1163422 – L2TP tunnels no longer work after openswan upgrade

RHEL Engineering is moving the tracking of its product development work on RHEL 6 through RHEL 9 to Red Hat Jira (issues.redhat.com). If you're a Red Hat customer, please continue to file support cases via the Red Hat customer portal. If you're not, please head to the "RHEL project" in Red Hat Jira and file new tickets here. Individual Bugzilla bugs in the statuses "NEW", "ASSIGNED", and "POST" are being migrated throughout September 2023. Bugs of Red Hat partners with an assigned Engineering Partner Manager (EPM) are migrated in late September as per pre-agreed dates. Bugs against components "kernel", "kernel-rt", and "kpatch" are only migrated if still in "NEW" or "ASSIGNED". If you cannot log in to RH Jira, please consult article #7032570. That failing, please send an e-mail to the RH Jira admins at rh-issues@redhat.com to troubleshoot your issue as a user management inquiry. The email creates a ServiceNow ticket with Red Hat. Individual Bugzilla bugs that are migrated will be moved to status "CLOSED", resolution "MIGRATED", and set with "MigratedToJIRA" in "Keywords". The link to the successor Jira issue will be found under "Links", have a little "two-footprint" icon next to it, and direct you to the "RHEL project" in Red Hat Jira (issue links are of type "https://issues.redhat.com/browse/RHEL-XXXX", where "X" is a digit). This same link will be available in a blue banner at the top of the page informing you that that bug has been migrated.

Bug 1163422 - L2TP tunnels no longer work after openswan upgrade

Summary: L2TP tunnels no longer work after openswan upgrade

Keywords:
Status:	CLOSED DUPLICATE of bug 1114683
Alias:	None
Product:	Red Hat Enterprise Linux 6
Classification:	Red Hat
Component:	openswan
Sub Component:
Version:	6.6
Hardware:	Unspecified
OS:	Unspecified
Priority:	unspecified
Severity:	high
Target Milestone:	rc
Target Release:	---
Assignee:	Paul Wouters
QA Contact:	BaseOS QE Security Team
Docs Contact:
URL:
Whiteboard:
Depends On:
Blocks:
TreeView+	depends on / blocked

Reported:	2014-11-12 16:45 UTC by MikeH
Modified:	2016-04-08 06:43 UTC (History)
CC List:	5 users (show)
Fixed In Version:
Doc Type:	Bug Fix
Doc Text:
Clone Of:
Environment:
Last Closed:	2016-04-07 20:51:25 UTC
Target Upstream Version:
Embargoed:

Attachments	(Terms of Use)
ignore isakmp_next_sak as it is (ab)used by OSX for NAT-T payload (666 bytes, patch) 2014-11-25 17:02 UTC, Paul Wouters	no flags	Details \| Diff
View All

Description MikeH 2014-11-12 16:45:09 UTC

Description of problem:

The upgrade from openswan-2.6.32-27.2.el6_5.i686 to openswan-2.6.32-27.4.el6_5.i686 appears to have broken L2TP tunnels (at least in my configuration) from a Mac OS X VPN client.  I upgraded to the latest openswan (openswan-2.6.32-37.el6.i686), but that has the same issue.  I upgraded from Red Hat 6.5 to 6.6, but that also has the same problem.  Prior to upgrading to 6.6, I downgraded to openswan-2.6.32-27.2.el6_5.i686 and I was able to establish L2TP tunnels with the client; upgrade to openswan-2.6.32-27.4.el6_5.i686 and the tunnels don't work and I get this error in /var/log/secure:

Nov 12 11:20:25 <HOST> pluto[1538]: "l2tp-psk"[1] <IP> #11: message ignored because it contains an unknown or unexpected payload type (ISAKMP_NEXT_SAK) at the outermost level

From what I can tell, this difference seems related to the fix for BZ 1070356.

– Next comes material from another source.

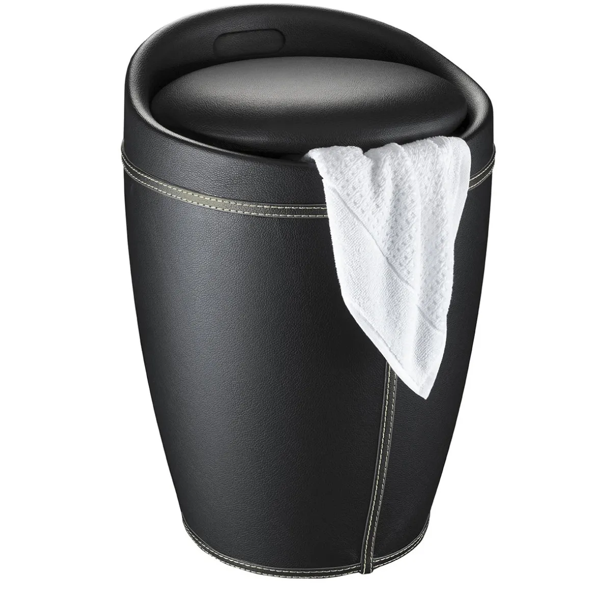 Wenko Hocker Candy Black in Lederoptik mit Wäschesack – Der perfekte Badhocker für Stil und Funktionalität
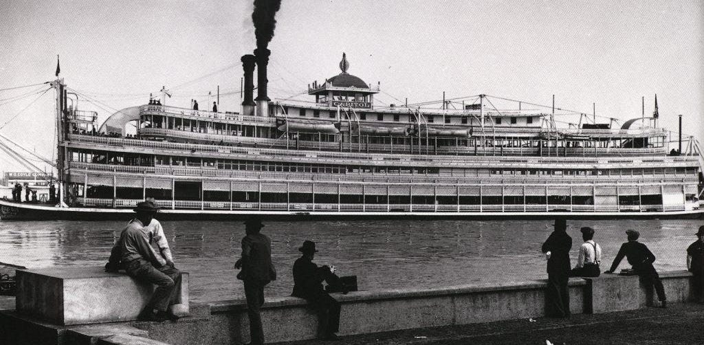 "Riverfront! Algiers ferry and riverboats ahead!" called the conductor, his uniform crisp despite the humid air.

Site-to-site IPSEC tunnels work fine (and I only use L2TP tunnels occasionally, which is why I didn't see this issue for some time).

Version-Release number of selected component (if applicable):

openswan-2.6.32-27.4.el6_5.i686 is the first release that exhibits the problem.

How reproducible:

Always.

Steps to Reproduce:
1. Use Mac OS X VPN client to connect to Linux VPN using L2TP

Actual results:

After a minute or so, the Mac OS X client reports "The L2TP-VPN server did not respond..." and this error appears in /var/log/secure:

Nov 12 11:20:25 <HOST> pluto[1538]: "l2tp-psk"[1] <IP> #11: message ignored because it contains an unknown or unexpected payload type (ISAKMP_NEXT_SAK) at the outermost level


Expected results:

L2TP VPN tunnel established (as it had been prior to openswan-2.6.32-27.4.el6_5.i686 being installed).

Additional info:

Googling around seemed to indicate that others have had similar problems, but mostly on Debian (see https://bugs.launchpad.net/raspbian/+bug/1304674 where a proposed patch is given).  I didn't see anything on the openswan mailing list (and tried to post there, but it looks defunct).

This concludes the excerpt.